By the way, since you like those Shintō prints,—and I might get you others,—what about a possible edition of your “Kojiki” illustrated by Japanese conceptions of this kind, colours and all? Such work can be so cheaply done in Japan! And an index! How often I wished for an index. I have made an imperfect one of my own. It is believed here that Hahaki is the ancient name of the modern Hōki. I was told this when I wanted to go to the legendary burial-place of Izanami.
As usual, I find I have been too presumptuous in writing offhand about cats’ tails. On enquiring, I learn that there are often, born of the same mother, Izumo kittens with short tails, and kittens with long tails. This would show that two distinct species of cats exist here. The long-tailed kittens are always deprived when possible of the larger part of their caudal appendage. The short tails are spared. If an old cat be seen with a short tail, people say,—“this cat is old, but she has a short tail: therefore she is a good cat.” (For the obake cat gets two tails when old, and every wicked cat has a long tail.) I am told that at the recent bon, in Matsue, cats of the evil sort were seen to dance upon the roofs of the houses.
What you tell me about those Shintō rituals and their suspicious origin seems to me quite certainly true. So the kara-shishi and the mon and the dragon-carvings and the tōrōs,—all stare me in the face as pillage of Buddhism. But the funeral rite which I saw and took part in, on the anniversary of the death of Prince Sanjō, struck me as immemorially primitive. The weird simplicity of it—the banquet to the ghost, the covering of the faces with white paper, the moaning song, the barbarian music, all seemed to me traditions and echoes of the very childhood of the race. I shall try to discover the genesis of the book you speak of as dubious in character. The Shintō christening ceremony is strictly observed here, and there are curious facts about the funeral ceremonies—totally at variance with and hostile to Buddhism.

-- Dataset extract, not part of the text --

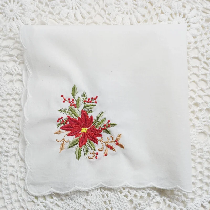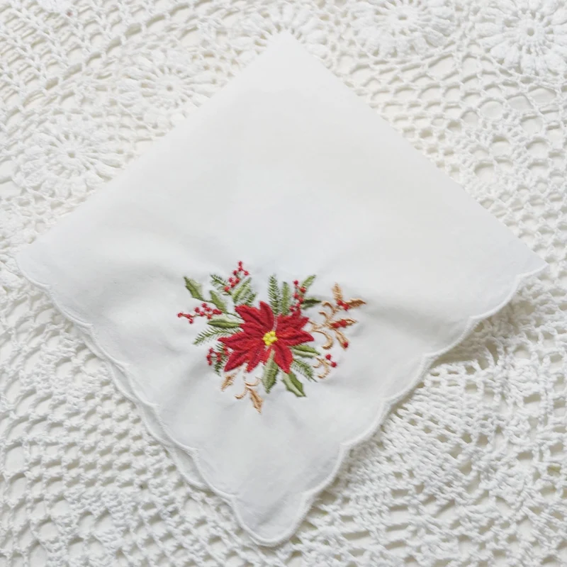 Set of 12 Handkerchiefs White Cotton Cloth Fabric Wedding Hankies Scalloped Edges Hanky Embroidered Floral 12"x12"
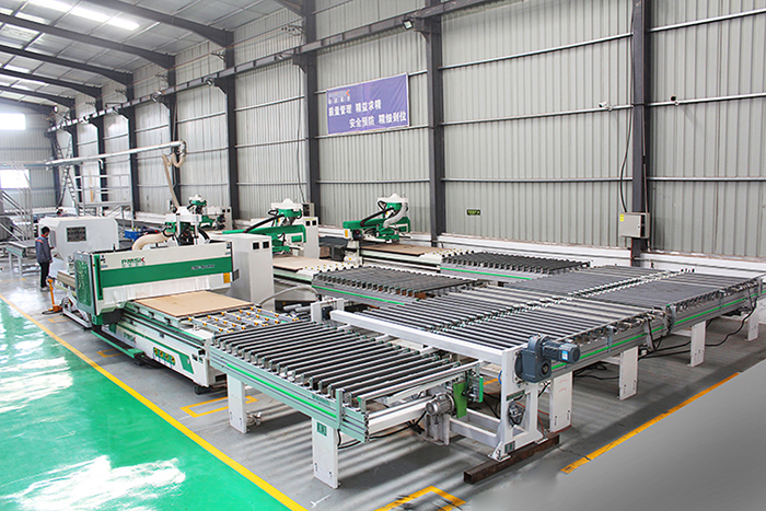 品脈模壓門(mén)板生產(chǎn)線(xiàn)采用1拖4(1拖3或1拖2)的搭配方式,是針對于模壓門(mén)板批量化生產(chǎn)的自動(dòng)化解決方案。主要實(shí)現在門(mén)板背面完成自動(dòng)貼標(或激光打標),打鎖孔,玻璃門(mén)加工。整板翻板、分配、輸送到正面加工機器,完成門(mén)板正面造形加工。完成后機器自動(dòng)把材料傳送到下料臺上,由人工或機械手分撿,日產(chǎn)量可達到280-320平方。

By the way, when I visited a tera in Mionoseki after having bought o fuda at the Miojinja, I was told I must not carry the o fuda into the court of the tera. The Kami would be displeased.
For the moment, good-bye.
Ever faithfully,
Lafcadio Hearn.
TO ELLWOOD HENDRICK
Matsue, 1891.
Dear Hendrick,— ... My household relations have turned out to be extremely happy, and to bind me very fast here at the very time that I was beginning to feel like going away. It does not now seem possible for me ever to go away. To take the little woman to another country would be to make her extremely unhappy; for no kindness or comfort could compensate for the loss of her own social atmosphere—in which all thoughts and feelings are so totally different from our own.